| What the task asks |
Your job is to give again, exactly and with no additions, the lines in the records below from the one with "本五ふれあい公園と隣の中野二" through the one with "натюрморт, мокрое стекло, отражение, цветочный, кустовые", both included. Omit the pictures.

| Records shown |
▼

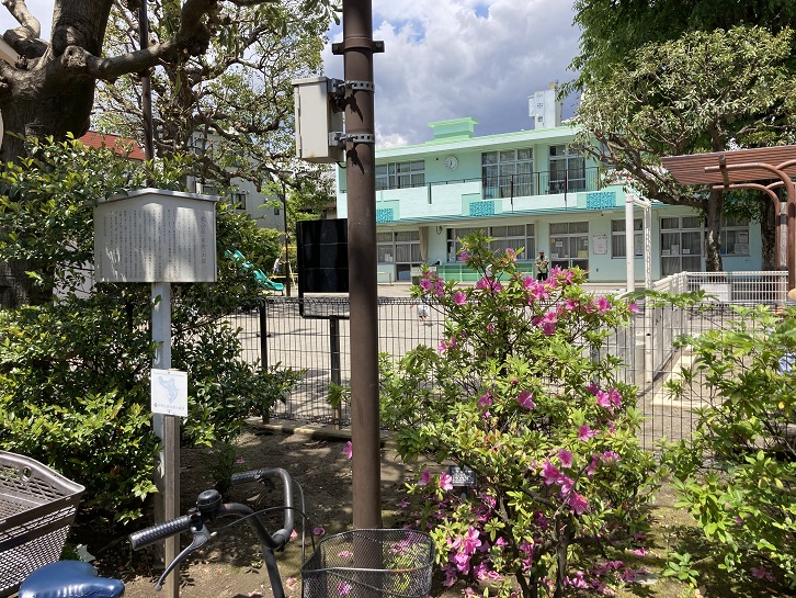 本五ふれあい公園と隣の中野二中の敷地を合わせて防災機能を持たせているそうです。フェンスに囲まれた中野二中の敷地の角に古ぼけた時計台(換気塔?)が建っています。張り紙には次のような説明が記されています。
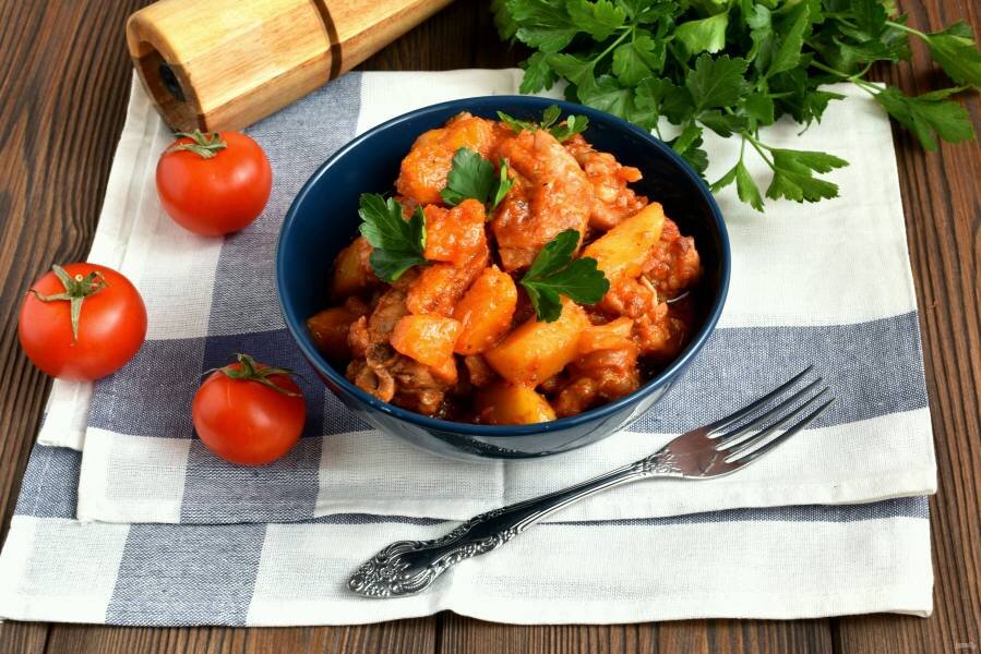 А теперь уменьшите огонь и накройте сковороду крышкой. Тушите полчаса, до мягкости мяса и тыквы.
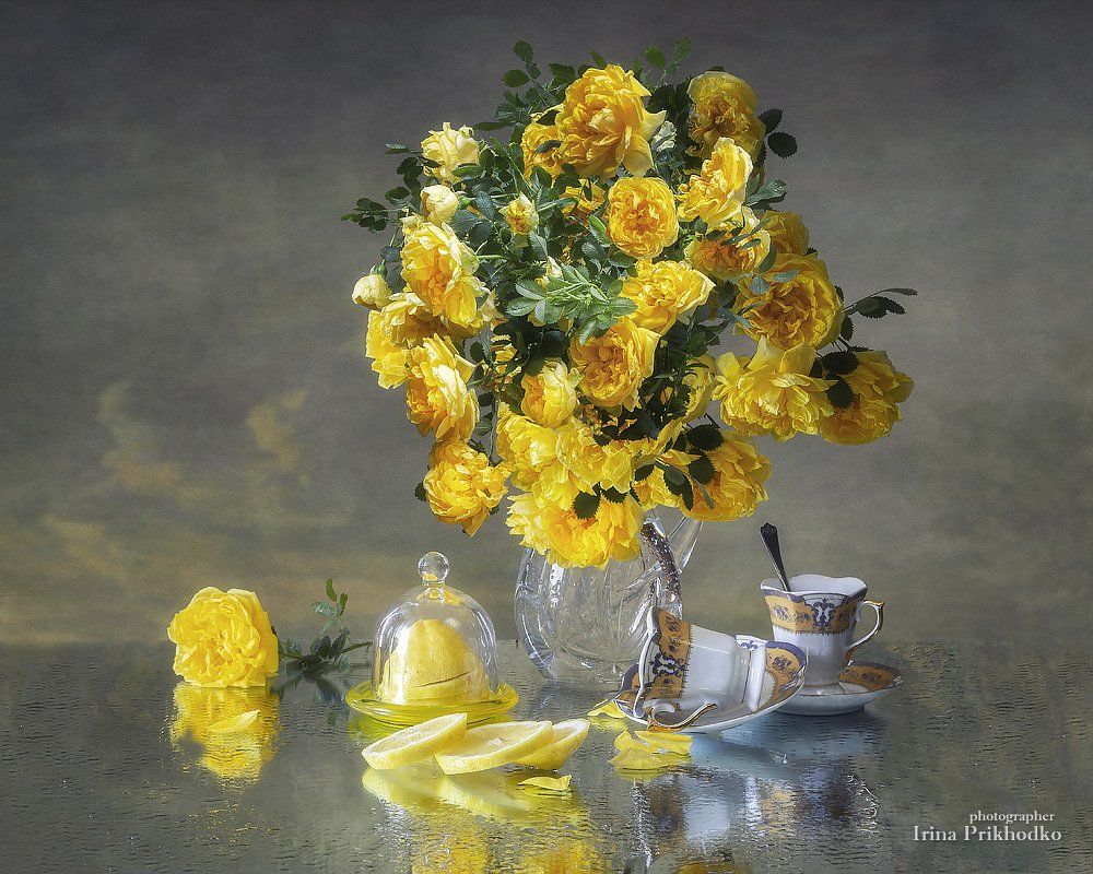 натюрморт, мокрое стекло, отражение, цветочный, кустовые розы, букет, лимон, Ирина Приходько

▲
▼

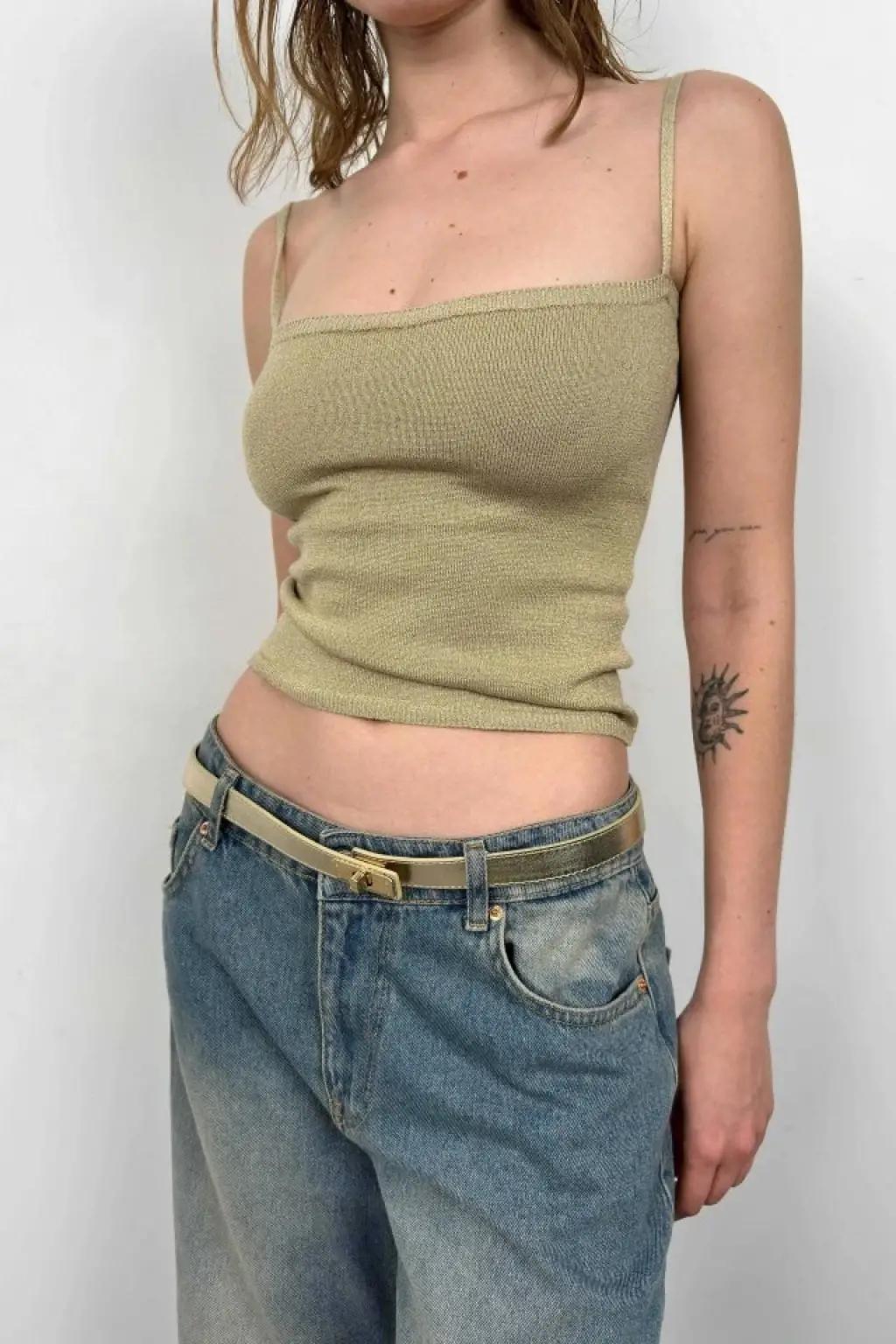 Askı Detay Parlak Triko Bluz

▲
▼

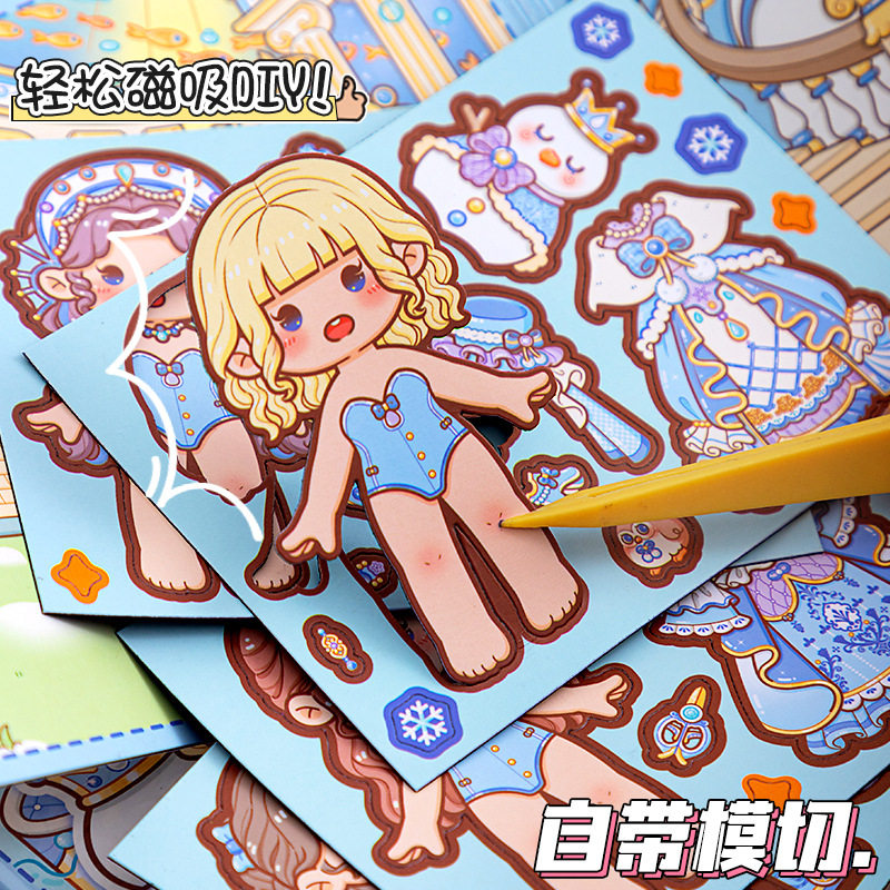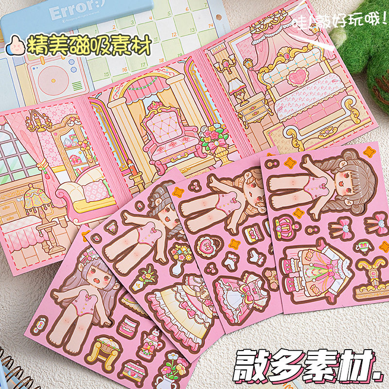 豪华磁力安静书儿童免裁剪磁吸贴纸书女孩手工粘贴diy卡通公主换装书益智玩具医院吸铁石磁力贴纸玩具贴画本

▲

| Response to the task |
 本五ふれあい公園と隣の中野二中の敷地を合わせて防災機能を持たせているそうです。フェンスに囲まれた中野二中の敷地の角に古ぼけた時計台(換気塔?)が建っています。張り紙には次のような説明が記されています。
 А теперь уменьшите огонь и накройте сковороду крышкой. Тушите полчаса, до мягкости мяса и тыквы.
 натюрморт, мокрое стекло, отражение, цветочный, кустовые розы, букет, лимон, Ирина Приходько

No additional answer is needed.